Усталость, раздражение, жалоба — все слилось в этой записи, сделанной, по-видимому, наспех. Это не попытка осмысления пережитого за месяц, это только мимолетный отвод горечи, не более. И хотя запись сделана на «секретном» (от неведомых чужих глаз) французском языке, в ней — ни полслова о том, что же происходит за пределами болшевского дома. Доминирующая нота — отчужденность от всех внутри домашних стен.

И похоже, что посуда и грязная вода в тазу — только повод, чтобы признаться самой себе: опять среди чужих…

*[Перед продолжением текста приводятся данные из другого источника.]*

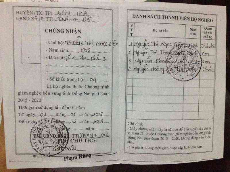 -Bà của em là Nguyễn Thị Ngọc Điệp, sinh năm 1958, bà có 3 người con, 2 trai, 1 gái. Một trai đã bỏ nhà đi, còn một trai ở nhà học nghề, con gái thì đi làm ở xa. Gia đình cũng thuộc diện hộ nghèo. Bà bị cũng nhiều bệnh như : rôi loạn chức năng tiền đình, thoái hóa cột sống thắt lưng, thoái hóa khớp gối, suy nhược cơ thể

(Когда два десятилетия спустя «Болшевскую тетрадь» впервые раскрыла вернувшаяся из ссылки Аля, ее рассердила эта запись. В ее памяти все было не так! Это она, Аля, вела хозяйство, мыла посуду — не мать! Такое «опровержение» и записала, со слов Ариадны Сергеевны, в свою книгу «Марина Цветаева в жизни» Вероника Лосская. Но бессмысленно подвергать сомнению искренность Цветаевой перед собой. В Ариадне Сергеевне (я сама тому свидетель) временами прорывалась застарелая раздраженность по отношению к матери. Ей самой все бытовое давалось легко и никогда не составляло страдания. Для Марины Ивановны — составляло. Настолько, что засилье «бытового» она вообще отказывалась называть «прозой жизни», настаивая: это не проза, это трагедия! Потому что быт обирает живых людей, не давая им осуществить себя…)


Однако болшевская запись об одиночестве вобрала в себя и некий новый оттенок.

Очевидно, что на коммунальной площади загородного дома Цветаева оказалась в теснейшем ежедневном контакте с людьми совсем иного, чем она сама, душевного замеса и склада. И дело в данном случае вовсе не в поэтическом даре.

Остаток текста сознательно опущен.